Your answer should hold exactly the lines below from the line with "Botin de Mujer" through the line with "Цвет ЧерныйЦилиндры 6Привод", both included, and no pictures at all.

Records for the task START

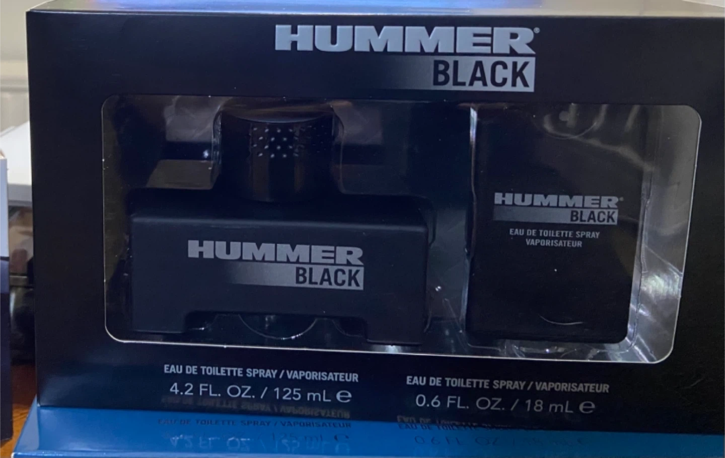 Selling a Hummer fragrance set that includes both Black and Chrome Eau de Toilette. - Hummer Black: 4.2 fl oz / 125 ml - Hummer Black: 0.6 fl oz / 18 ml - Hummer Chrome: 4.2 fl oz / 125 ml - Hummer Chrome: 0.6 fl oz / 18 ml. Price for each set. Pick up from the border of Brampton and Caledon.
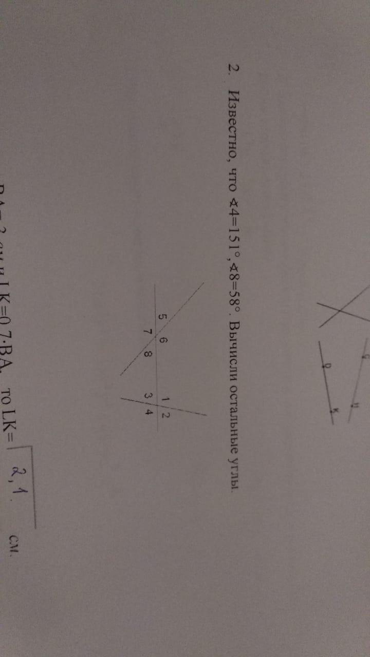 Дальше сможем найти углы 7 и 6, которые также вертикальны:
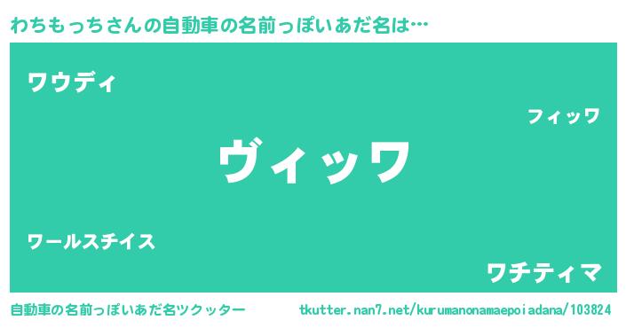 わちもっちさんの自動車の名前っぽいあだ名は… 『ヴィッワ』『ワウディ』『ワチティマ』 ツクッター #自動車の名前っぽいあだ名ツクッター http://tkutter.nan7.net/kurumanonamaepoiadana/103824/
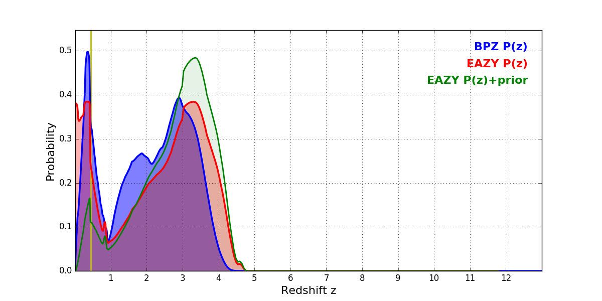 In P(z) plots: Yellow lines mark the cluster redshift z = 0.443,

Records for the task END
Records for the task START

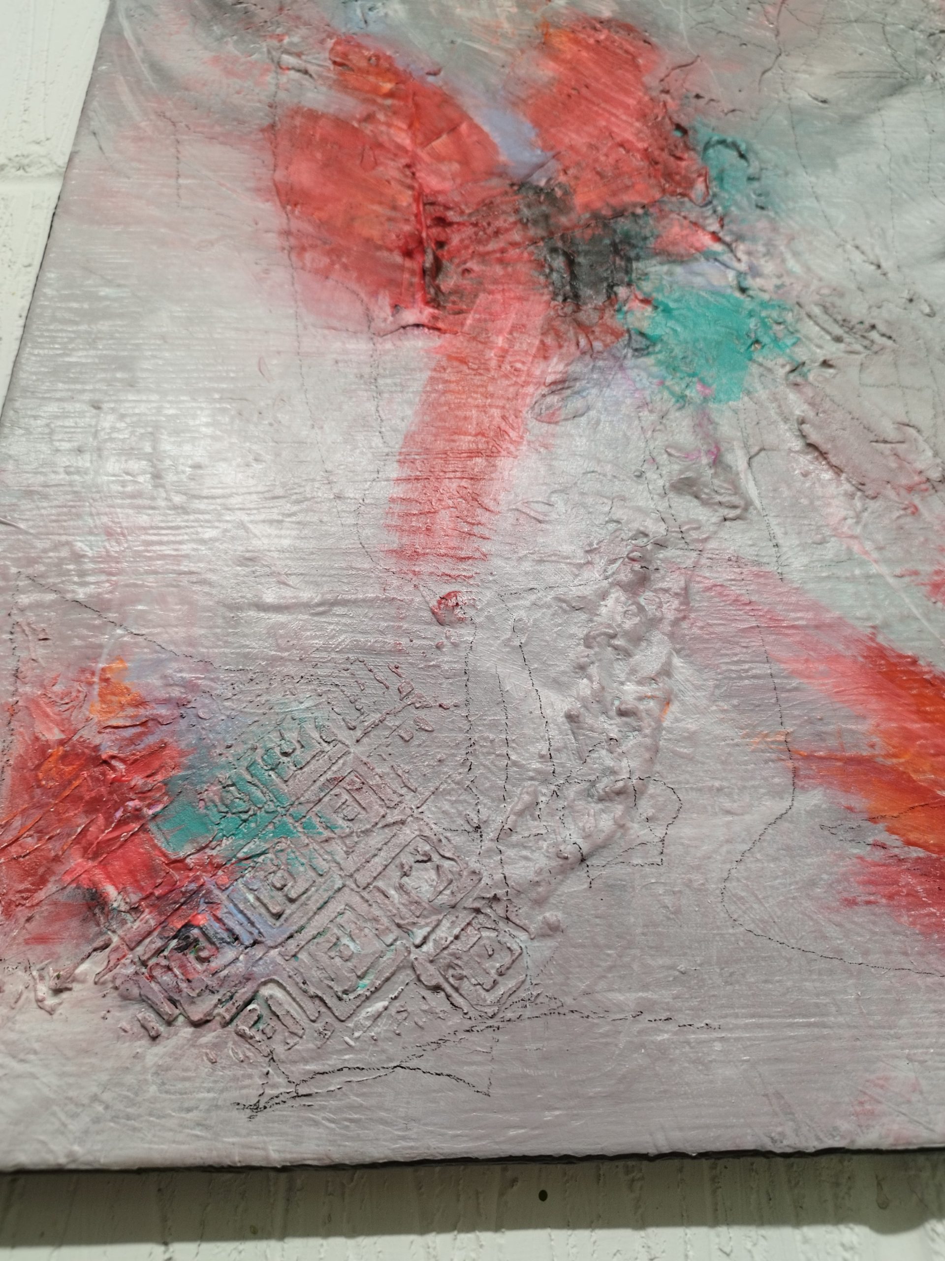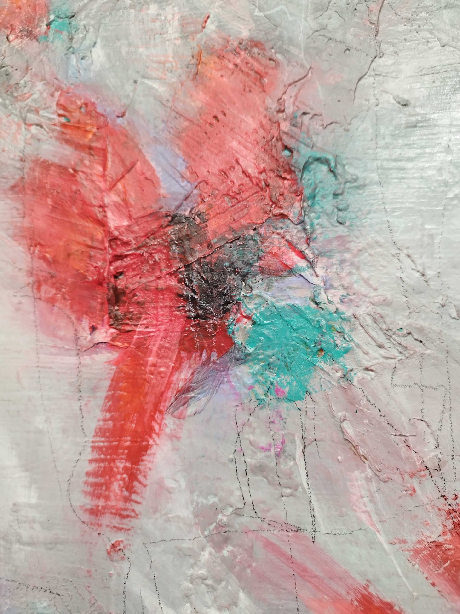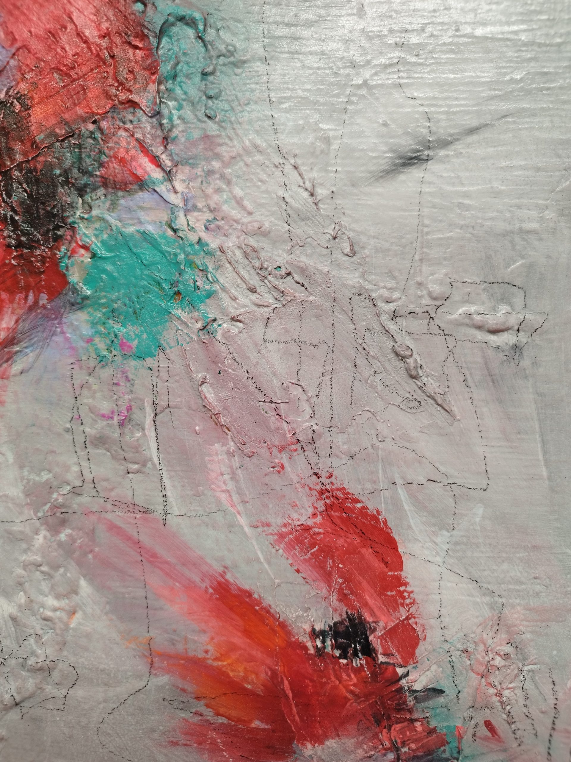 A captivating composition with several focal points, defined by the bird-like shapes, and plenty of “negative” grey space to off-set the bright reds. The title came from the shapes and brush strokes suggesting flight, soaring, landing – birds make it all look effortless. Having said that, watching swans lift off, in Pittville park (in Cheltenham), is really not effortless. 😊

Records for the task END
Records for the task START

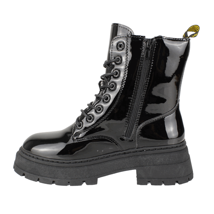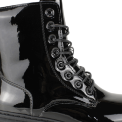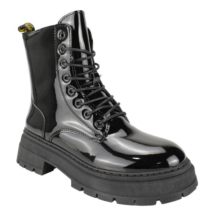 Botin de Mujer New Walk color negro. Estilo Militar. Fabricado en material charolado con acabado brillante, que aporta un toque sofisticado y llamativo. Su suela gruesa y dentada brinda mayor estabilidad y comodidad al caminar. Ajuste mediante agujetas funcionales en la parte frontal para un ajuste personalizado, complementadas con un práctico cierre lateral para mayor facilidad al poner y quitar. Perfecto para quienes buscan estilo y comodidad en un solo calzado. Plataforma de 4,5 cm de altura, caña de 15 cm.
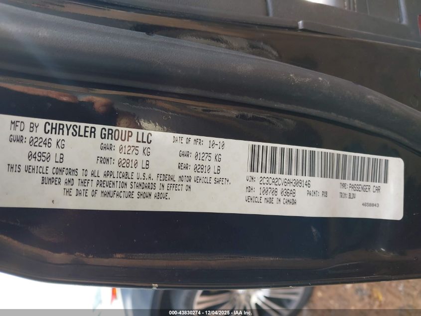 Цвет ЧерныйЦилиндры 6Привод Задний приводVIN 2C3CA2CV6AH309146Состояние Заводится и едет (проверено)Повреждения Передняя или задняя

Records for the task END

#### [Output of the task]
 Botin de Mujer New Walk color negro. Estilo Militar. Fabricado en material charolado con acabado brillante, que aporta un toque sofisticado y llamativo. Su suela gruesa y dentada brinda mayor estabilidad y comodidad al caminar. Ajuste mediante agujetas funcionales en la parte frontal para un ajuste personalizado, complementadas con un práctico cierre lateral para mayor facilidad al poner y quitar. Perfecto para quienes buscan estilo y comodidad en un solo calzado. Plataforma de 4,5 cm de altura, caña de 15 cm.
 Цвет ЧерныйЦилиндры 6Привод Задний приводVIN 2C3CA2CV6AH309146Состояние Заводится и едет (проверено)Повреждения Передняя или задняя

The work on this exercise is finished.